▸ Work order
Please repeat, exactly and without pictures, the lines of the entries below that run from the one containing "中新社記者 貢嘎來(lái)松 攝" through the one containing "It's a good".

▸ Records for the task
******************************

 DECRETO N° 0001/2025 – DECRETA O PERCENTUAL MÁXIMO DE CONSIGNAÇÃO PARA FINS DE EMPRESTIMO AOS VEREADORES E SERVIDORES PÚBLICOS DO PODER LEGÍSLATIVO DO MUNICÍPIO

******************************

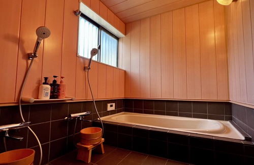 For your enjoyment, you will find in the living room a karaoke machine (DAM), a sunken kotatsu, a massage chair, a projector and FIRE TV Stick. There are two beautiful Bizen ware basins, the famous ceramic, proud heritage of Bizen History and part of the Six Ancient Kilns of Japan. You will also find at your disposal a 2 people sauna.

******************************

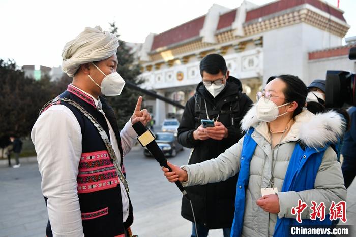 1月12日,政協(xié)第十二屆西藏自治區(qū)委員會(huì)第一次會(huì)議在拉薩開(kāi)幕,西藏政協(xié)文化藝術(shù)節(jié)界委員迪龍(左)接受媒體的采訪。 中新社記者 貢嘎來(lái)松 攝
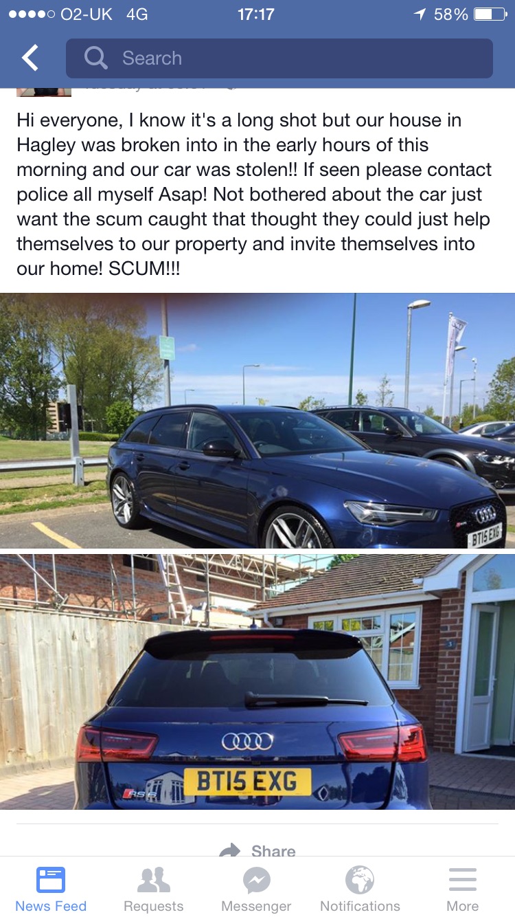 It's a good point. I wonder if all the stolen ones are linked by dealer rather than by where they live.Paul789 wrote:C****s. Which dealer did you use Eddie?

******************************

▸ Your response
 1月12日,政協(xié)第十二屆西藏自治區(qū)委員會(huì)第一次會(huì)議在拉薩開(kāi)幕,西藏政協(xié)文化藝術(shù)節(jié)界委員迪龍(左)接受媒體的采訪。 中新社記者 貢嘎來(lái)松 攝
 It's a good point. I wonder if all the stolen ones are linked by dealer rather than by where they live.Paul789 wrote:C****s. Which dealer did you use Eddie?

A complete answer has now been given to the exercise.